Copy all records exactly; omit pictures.

Segment Start: Material to process

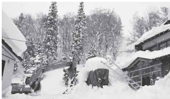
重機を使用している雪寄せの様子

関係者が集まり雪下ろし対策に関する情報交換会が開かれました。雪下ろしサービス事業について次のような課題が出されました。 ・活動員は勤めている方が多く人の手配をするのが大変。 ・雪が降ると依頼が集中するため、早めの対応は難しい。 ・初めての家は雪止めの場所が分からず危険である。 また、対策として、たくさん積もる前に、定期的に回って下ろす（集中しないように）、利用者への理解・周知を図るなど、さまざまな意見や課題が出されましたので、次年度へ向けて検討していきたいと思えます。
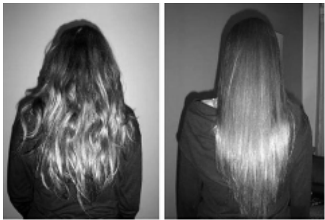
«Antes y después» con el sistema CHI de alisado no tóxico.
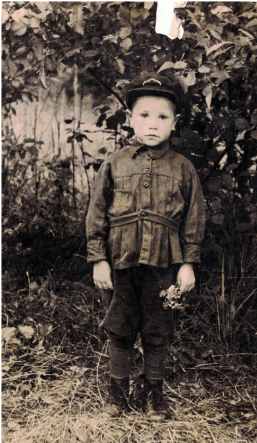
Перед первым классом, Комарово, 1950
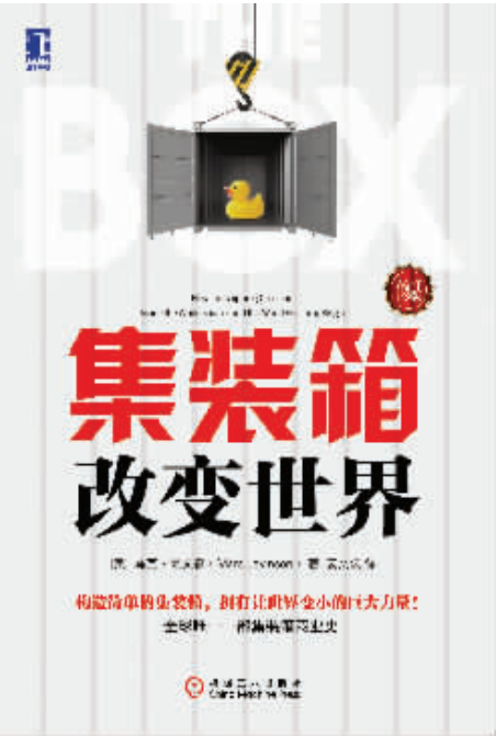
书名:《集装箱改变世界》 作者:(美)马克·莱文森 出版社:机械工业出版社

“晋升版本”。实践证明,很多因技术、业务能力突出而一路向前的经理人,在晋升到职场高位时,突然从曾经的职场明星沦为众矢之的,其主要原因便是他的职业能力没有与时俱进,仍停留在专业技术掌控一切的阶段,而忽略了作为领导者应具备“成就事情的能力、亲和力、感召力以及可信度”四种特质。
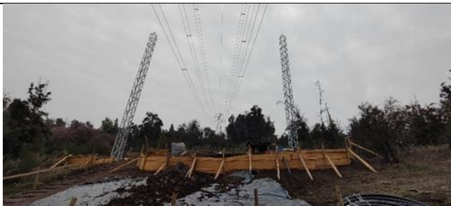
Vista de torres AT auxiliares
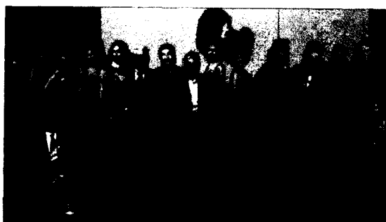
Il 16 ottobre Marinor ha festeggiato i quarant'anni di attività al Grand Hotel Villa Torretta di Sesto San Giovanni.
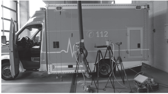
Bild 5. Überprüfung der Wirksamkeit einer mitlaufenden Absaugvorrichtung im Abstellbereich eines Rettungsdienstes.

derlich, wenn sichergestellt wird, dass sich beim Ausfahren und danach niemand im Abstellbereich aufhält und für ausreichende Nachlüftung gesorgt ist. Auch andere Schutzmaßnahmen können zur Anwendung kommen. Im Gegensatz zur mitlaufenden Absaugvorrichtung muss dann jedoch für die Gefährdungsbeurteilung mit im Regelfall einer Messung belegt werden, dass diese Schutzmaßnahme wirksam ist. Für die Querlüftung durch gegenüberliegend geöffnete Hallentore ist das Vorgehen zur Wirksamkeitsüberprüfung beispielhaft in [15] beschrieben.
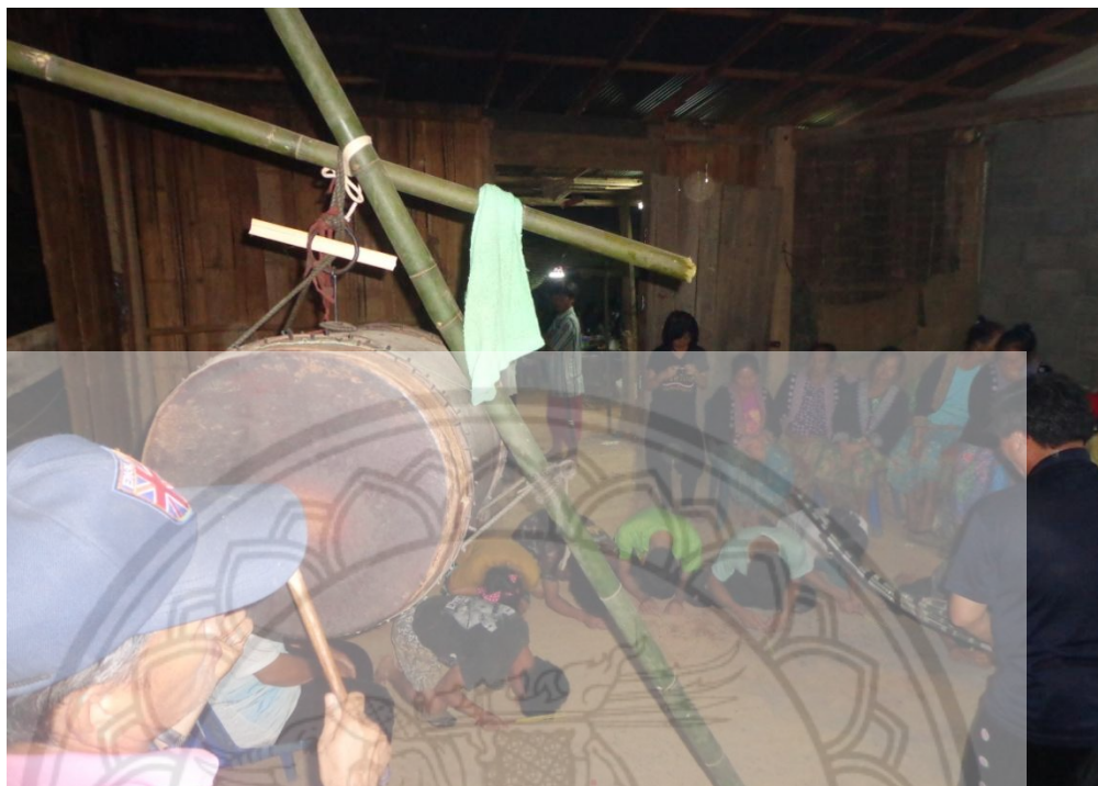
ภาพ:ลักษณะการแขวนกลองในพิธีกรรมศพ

Segment End: Material to process

**Answer to the problem:**
重機を使用している雪寄せの様子

関係者が集まり雪下ろし対策に関する情報交換会が開かれました。雪下ろしサービス事業について次のような課題が出されました。 ・活動員は勤めている方が多く人の手配をするのが大変。 ・雪が降ると依頼が集中するため、早めの対応は難しい。 ・初めての家は雪止めの場所が分からず危険である。 また、対策として、たくさん積もる前に、定期的に回って下ろす（集中しないように）、利用者への理解・周知を図るなど、さまざまな意見や課題が出されましたので、次年度へ向けて検討していきたいと思えます。
«Antes y después» con el sistema CHI de alisado no tóxico.
Перед первым классом, Комарово, 1950
书名:《集装箱改变世界》 作者:(美)马克·莱文森 出版社:机械工业出版社

“晋升版本”。实践证明,很多因技术、业务能力突出而一路向前的经理人,在晋升到职场高位时,突然从曾经的职场明星沦为众矢之的,其主要原因便是他的职业能力没有与时俱进,仍停留在专业技术掌控一切的阶段,而忽略了作为领导者应具备“成就事情的能力、亲和力、感召力以及可信度”四种特质。
Vista de torres AT auxiliares
Il 16 ottobre Marinor ha festeggiato i quarant'anni di attività al Grand Hotel Villa Torretta di Sesto San Giovanni.
Bild 5. Überprüfung der Wirksamkeit einer mitlaufenden Absaugvorrichtung im Abstellbereich eines Rettungsdienstes.

derlich, wenn sichergestellt wird, dass sich beim Ausfahren und danach niemand im Abstellbereich aufhält und für ausreichende Nachlüftung gesorgt ist. Auch andere Schutzmaßnahmen können zur Anwendung kommen. Im Gegensatz zur mitlaufenden Absaugvorrichtung muss dann jedoch für die Gefährdungsbeurteilung mit im Regelfall einer Messung belegt werden, dass diese Schutzmaßnahme wirksam ist. Für die Querlüftung durch gegenüberliegend geöffnete Hallentore ist das Vorgehen zur Wirksamkeitsüberprüfung beispielhaft in [15] beschrieben.
ภาพ:ลักษณะการแขวนกลองในพิธีกรรมศพ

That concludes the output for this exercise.